THE
HIGH COURT OF SINDH AT KARACHI
Criminal Acquittal
Appeal No. 237 of 2007
Present: Mr. Justice Naimatullah Phulpoto
Mr. Justice Amjad Ali Sahito
Appellant : The State/ Anti Narcotics Force through
its Deputy Director (Law), through Mr. Habib Ahmed Special Prosecutor ANF
Respondent(s)
: Nemo
Date
of Hearing : 22.11.2023
Date of
decision : 22.11.2023
JUDGMENT
NAIMATULLAH PHULPOTO, J.- The
State/ ANT through its Deputy Director (Law) has filed this acquittal appeal
against respondents/accused namely Ajab Gul, Qadir Khan and Ashraf Ali. It
appears that respondents/accused were tried by learned Judge, Special Court-II,
CNS, Karachi in New Special Case No.43/2004 (old Special Case No. 215/2003)
arising out of FIR No. 17/2003 for offence under Sections 6, 7, 8, 9, 12, 13,
14 and 15 of CNS Act 1997 registered at P.S ANF Clifton, Karachi. After regular
trial, vide judgment dated 16.02.2006, respondents/accused were acquitted.
2. Trial Court framed charge against the
respondents/accused to which they pleaded not guilty and claimed to be tried.
3. At trial, prosecution examined two witnesses.
Thereafter, prosecution side was closed.
4. Trial Court recorded statement of
respondents/accused under Section 342 Cr.P.C. Respondents/accused claimed their
false implication in the case. Respondents/accused neither examined themselves
on oath under section 340(2) Cr.PC in disproof the prosecution allegations nor
led any evidence in their defence.
5. Trial Court after hearing learned
counsel for the parties and assessment of evidence vide judgment dated 16.02.2006
acquitted the respondents/accused, hence this acquittal appeal is filed.

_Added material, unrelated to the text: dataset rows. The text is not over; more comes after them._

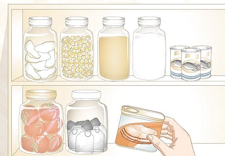 Stack your stored food on shelves. Shelving will allow you to more effectively organize and monitor your stored food. Wooden or wire shelving will be sturdy and long-lasting. Look for shelving to go on sale around August for back-to-school season and January around the new year. Also consider building your own shelves if you have the materials and skills.
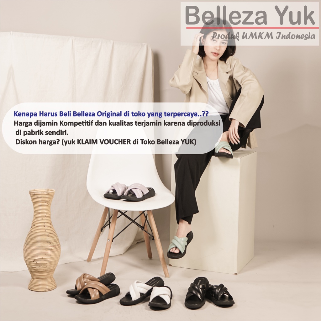 Belleza Yuk - Kanna Sandal Platform Wanita Size 26 - 41 Sendal Wedges Empuk Warna Hitam Black Model Silang Double Dua St
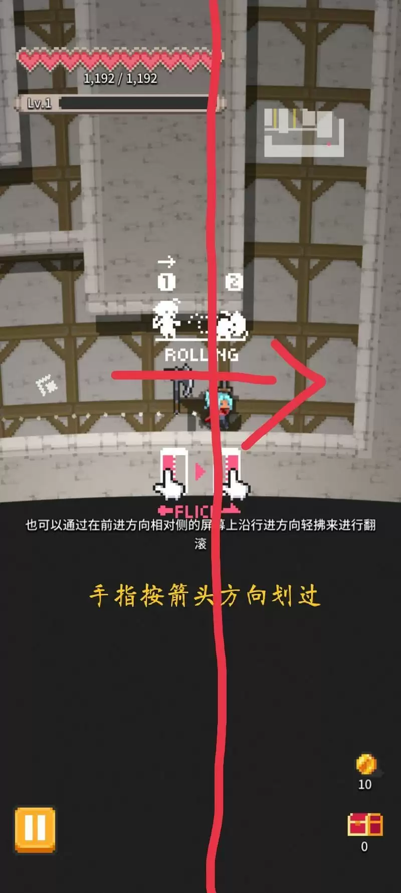 3.翻滚,目前翻滚有两种操作方法,第一种在刹车判定帧失效前快速转换两次方向,比如一开始向左走,点击右之后再快速点击左即可向左翻滚,第二种是用手指画过屏幕两端,比如向左走将手指从右侧屏幕划向左侧即可完成向左翻滚,第二种比第一种完成的流畅度更高,取消了刹车的那几帧。
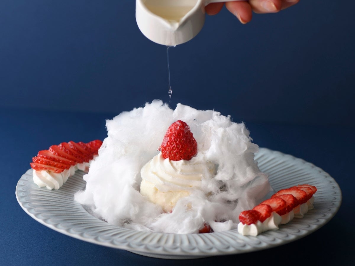 まるで雲のようなエアリー感のあるコットンキャンディーの中には、フレッシュな苺とコクがあり爽やかな酸味の『豆乳レアチーズケーキ』がひそんでいます。

6. The facts of the case as well as
evidence produced before the Trial Court find an elaborate mention in the
judgment dated 16.02.2006 passed by the Trial Court and therefore, the same may
not be reproduced here so as to avoid duplication and unnecessary repetition.
7. The State/ANF filed instant acquittal
appeal which pertains to 2007. Notices were issued against the
respondents/accused, yet ANF has failed to serve the notices upon the
respondents/accused.
8. Mr. Habib Ahmed Special Prosecutor ANF
submits that reasons assigned by the trial Court for acquitting the
respondents/accused are not sound and valid and impugned judgment is based upon
speculations. Therefore, it is prayed the same requires interference by this
Court.
9. We have carefully re-examined entire
evidence available on record with the assistance of Special Prosecutor ANF. It
appears that trial Court acquitted the respondents/accused vide judgment dated 16.02.2006
for the following reasons:
“19.
Complainant in his cross examination has admitted that in 161 Cr.P.C statement,
FIR and memo it is not sated that after sealing the samples they had put their
signatures on the same. When the defence plea is that owner of the truck had
had been let off and the accused person shave been falsely implicated. Looking
to this defence plea and reply of the complainant/I.O it appears that the
sampling was not done at the spot whereby the chemical report is not to be
relied upon and the prosecution case has become doubtful. it is also important
to note that owner of the truck is not disclosed and not arrested in this case,
therefore, from this also the defence plea gets strength.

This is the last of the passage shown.